7.4 The other patent documents are no nearer the subject-matter of Claim 1 than the two documents discussed above. As mentioned earlier, the welding device constructions they disclose likewise do not use a feed member in the form of a slide. Moreover, their design of the electrode mounting is such that electrode removal can be effected only by withdrawing the electrode towards the weld. Thus, those documents, too, either individually or combined, could not suggest the combination of features given in the characterising portion of Claim 1.
7.5 The precision spot-welding device in Claim 1 thus involves an inventive step (Article 56 EPC). Claim 1 is thus allowable in accordance with Article 52(1) EPC.
8. Dependent Claims 2 to 10 relate to special embodiments of the invention in Claim 1 and are thus also allowable.

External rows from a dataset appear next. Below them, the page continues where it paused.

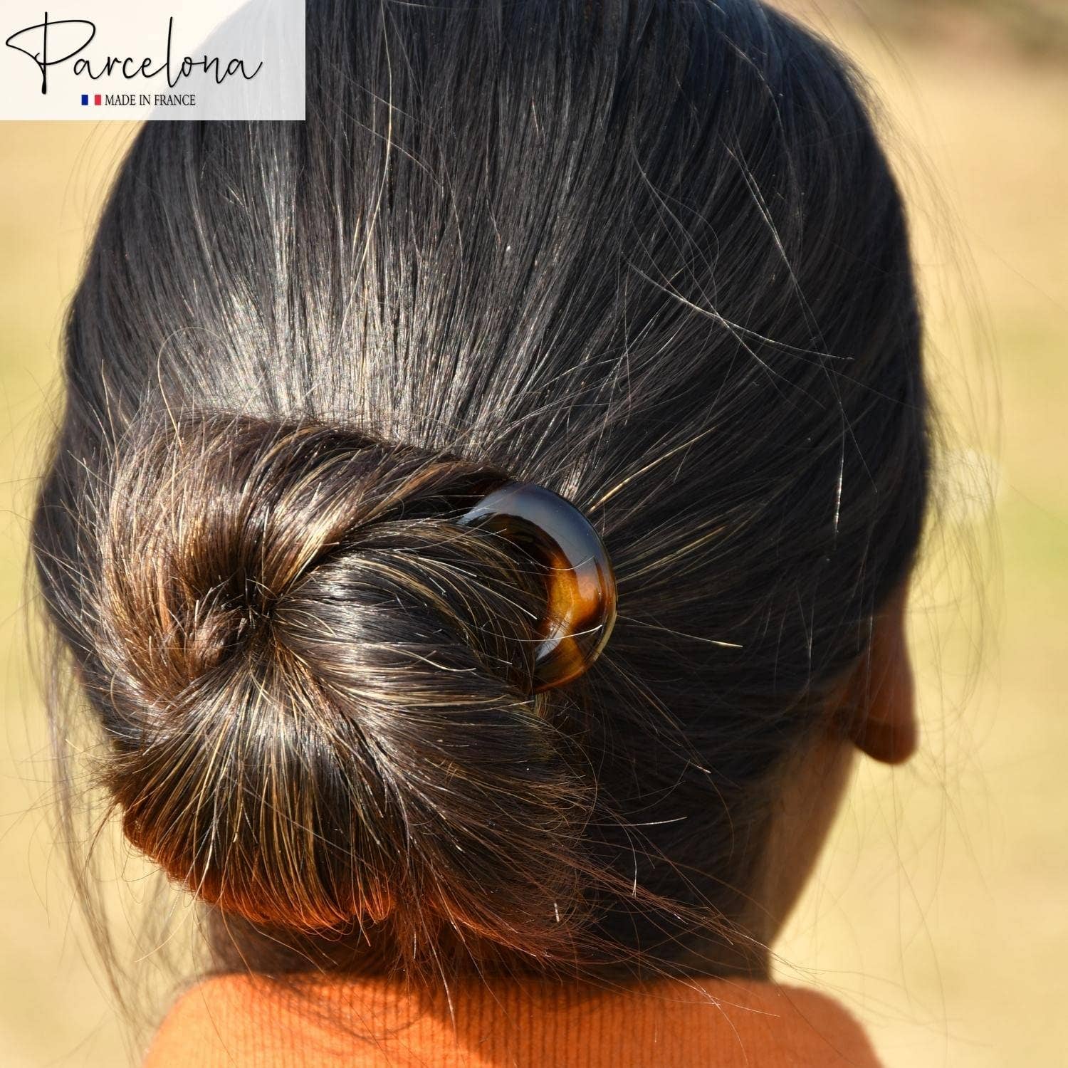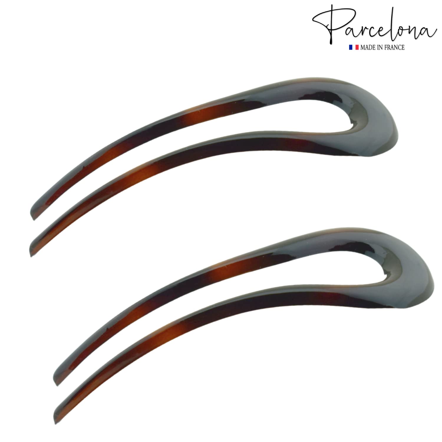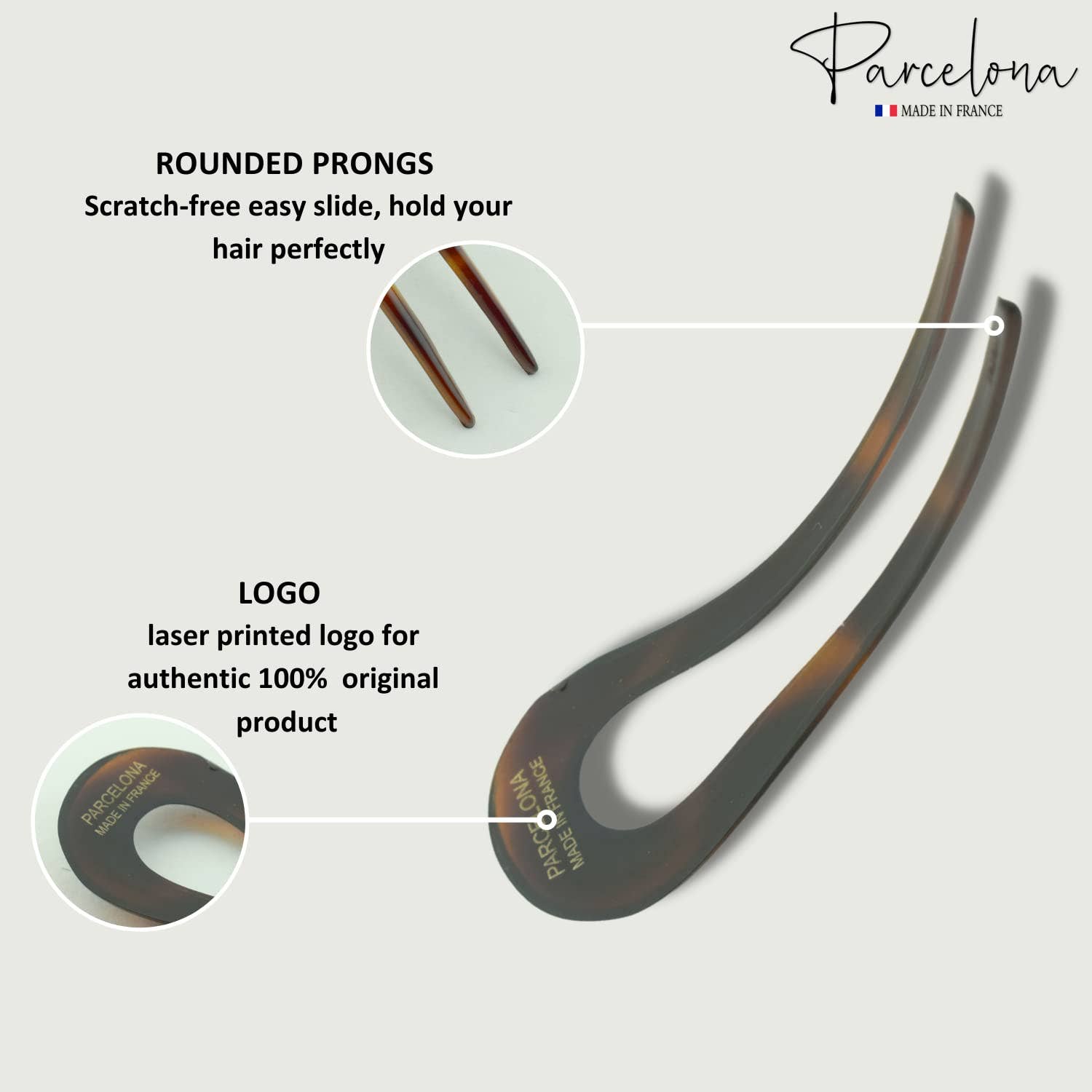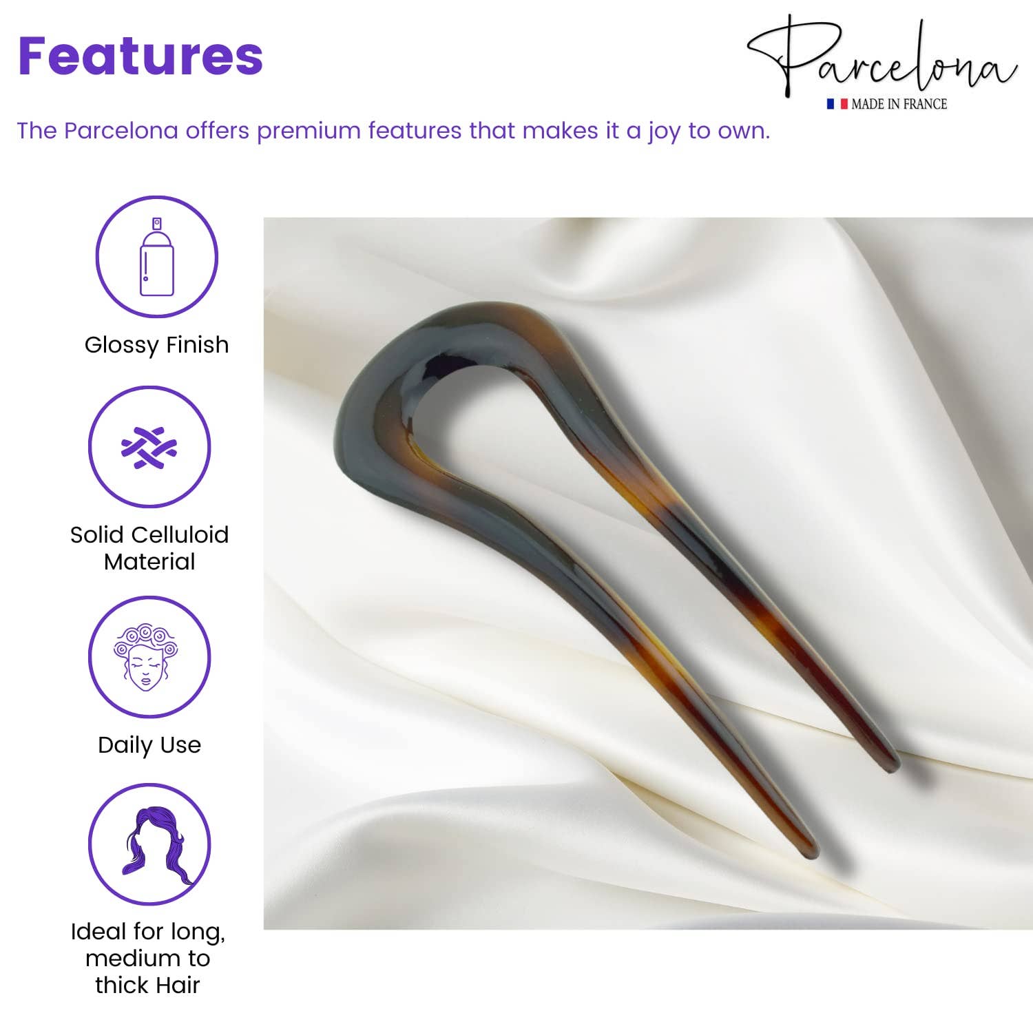 PARCELONA Our Products are made from Cellulose Acetate, The Cellulose Acetate is extracted from trees and plants, we can guarantee the quality of entire products and it will make you feel absolute satisfaction. ABOUT THE PRODUCT * The Classic French chignon hair sticks for women can help you style quickly when you are in a hurry. It is comfortable to use for professional hair styling or at home without pulling, twisting, or damaging your hair. * It is ideal for long, wavy, medium to thick hair types to create pretty French hair updo, French twists, classic low bun or side weep hairstyle with your hair. This prong design pin is very sturdy, durable, and can complement most of the hair types.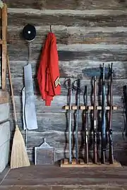 After resupplying, French led some of his force back east, leaving Assistant Commissioner James Macleod to advance on Fort Whoop-Up with the three remaining divisions, approximately 150 men.[43] When the police reached the fort on October 9, they were prepared for a confrontation, but the whisky traders were aware that they were approaching and had long since moved on.[44] The force received new orders from Ottawa to garrison the area and settled down to build Fort Macleod on an island in Old Man's River.[43] The expedition had been badly planned and executed, and almost failed; the historian William Baker describes it as "a monumental fiasco of poor planning, ignorance, incompetence, and cruelty to men and beasts".[45][lower-alpha 2] Nonetheless, it rapidly became portrayed by the force as epic story of bravery, endurance and determination.[49]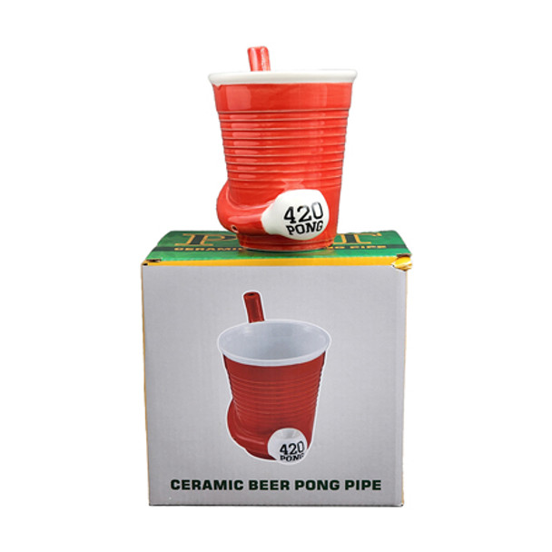 Ramp your Beer Pong game up to a new level with these trendy Beer Pong Pipe Mugs. Your party guests are sure to be stoned after the game!This fun and trendy Beer Pong Mug is made of ceramic in the classic shape of a disposable plastic cup with ridge lines. The mug is bright red with a white inside and the words "420 Pong".Attached to the front of the Beer Pong mug is a pipe where you can pack your tobacco and light it. The smoke filters up the side to the mouthpiece at the rim of the mug. This awesome party game mug and pipe is fully functional and comes packaged in a color gift box. This product is recommended for adult use only.Our new Beer Pong Mug is a must-have for your next stoner party. Your guests will be thrilled to Play Beer Pong with a difference and embrace the 420 lifestyle.Size 5 1/2" W x 3 1/2 D x 5 1/2 HMade of ceramicRed and white mug in the shape of a classic plastic cup with ridge linesWords "420 Pong" on the frontThis product is recommended for adult use only

9. The amendments to points in the description other than the statement of the problem are also allowable. The addition of a passage to the description, dealing with the device according to US Patent Specification 2 912 564 (page 1, line 31, to page 2, line 19, of the description) is useful for understanding the invention (Rule 27(1) (c) and (d) EPC), since that device represents the state of the art which the invention in Claim 1 takes as a starting point, and aims to advance. The new second paragraph on page 3 of the description forms the basis for the statement in Claim 1 that ball-guide rails are known. There can likewise be no objection to the amendments and transpositions in the part of the description dealing with a number of embodiments of the invention given in the dependent claims. These take due account of the amendments to the dependent claims and the inter-relationships between those claims as well as obviating discrepancies between the description and the claims. The other minor changes are of an editorial nature.
10. The additions and corrections to certain reference symbols in the drawing are also allowable. It is immediately evident (Rule 88 EPC) from the description of the figures in the original documents what the correct position of reference symbol 3 should be, what the correct reference symbols should be or to which part of the drawing they refer.
ORDER
For these reasons, it is decided that:
The decision of the Examining Division of the European Patent Office of 5 November 1980 is set aside. The case is remitted to the first instance with the order to grant a European patent containing the 10 claims received on 14 July 1981 together with the description and drawing filed on the same date.